• **MATERIAL PROVIDED**:
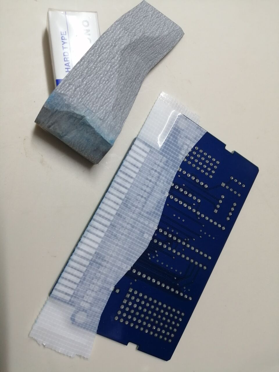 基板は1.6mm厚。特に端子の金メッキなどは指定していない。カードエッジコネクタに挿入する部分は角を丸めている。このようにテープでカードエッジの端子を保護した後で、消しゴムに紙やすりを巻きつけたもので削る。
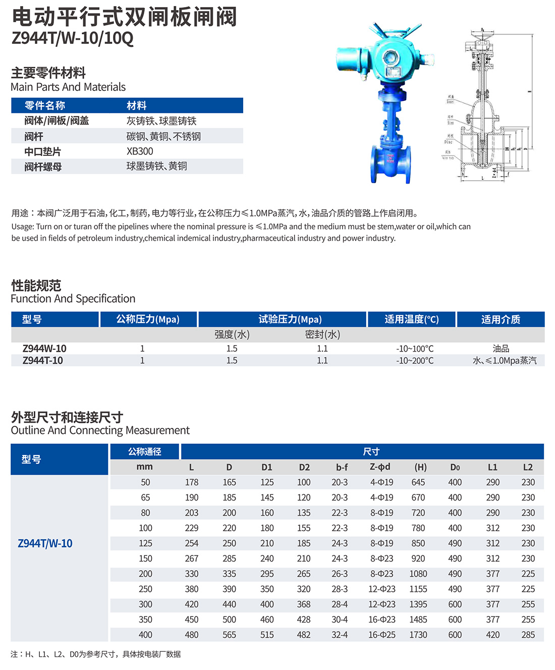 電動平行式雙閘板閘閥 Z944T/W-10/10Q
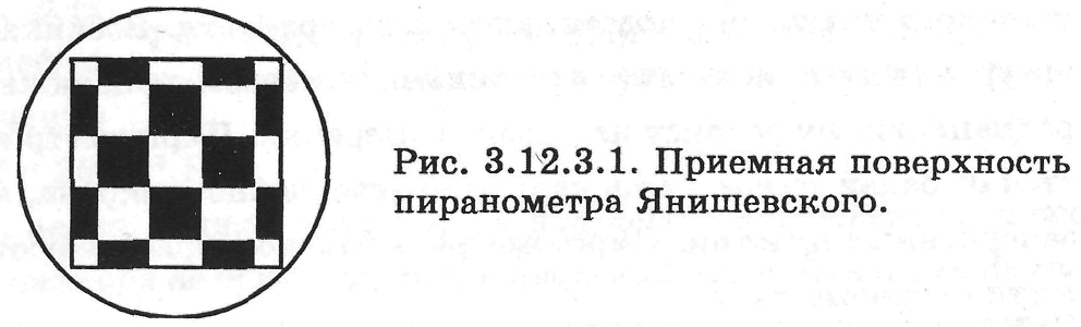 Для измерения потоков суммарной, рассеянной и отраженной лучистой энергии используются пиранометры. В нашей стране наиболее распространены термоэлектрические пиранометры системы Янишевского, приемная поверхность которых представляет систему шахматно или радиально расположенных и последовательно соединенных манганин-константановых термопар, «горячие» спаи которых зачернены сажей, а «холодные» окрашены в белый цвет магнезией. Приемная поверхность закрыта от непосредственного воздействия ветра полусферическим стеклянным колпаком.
--
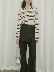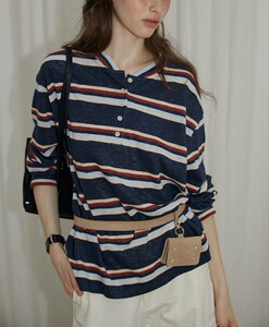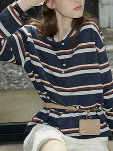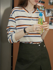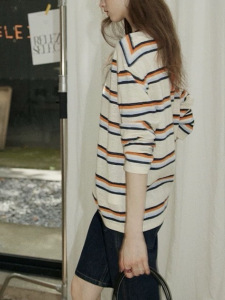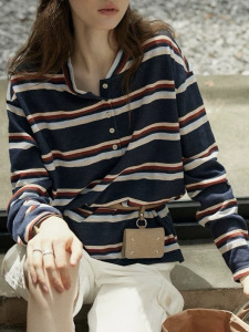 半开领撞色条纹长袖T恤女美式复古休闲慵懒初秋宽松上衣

• **WHAT THE EXERCISE ASKS**: Using the entries above, repeat exactly the lines from the one with "基板は1.6mm厚。特に端子" to the one with "電動平行式雙閘板閘閥 Z944T/W-10/10Q", both included, and leave the pictures behind.

• **REPLY**:
 基板は1.6mm厚。特に端子の金メッキなどは指定していない。カードエッジコネクタに挿入する部分は角を丸めている。このようにテープでカードエッジの端子を保護した後で、消しゴムに紙やすりを巻きつけたもので削る。
 電動平行式雙閘板閘閥 Z944T/W-10/10Q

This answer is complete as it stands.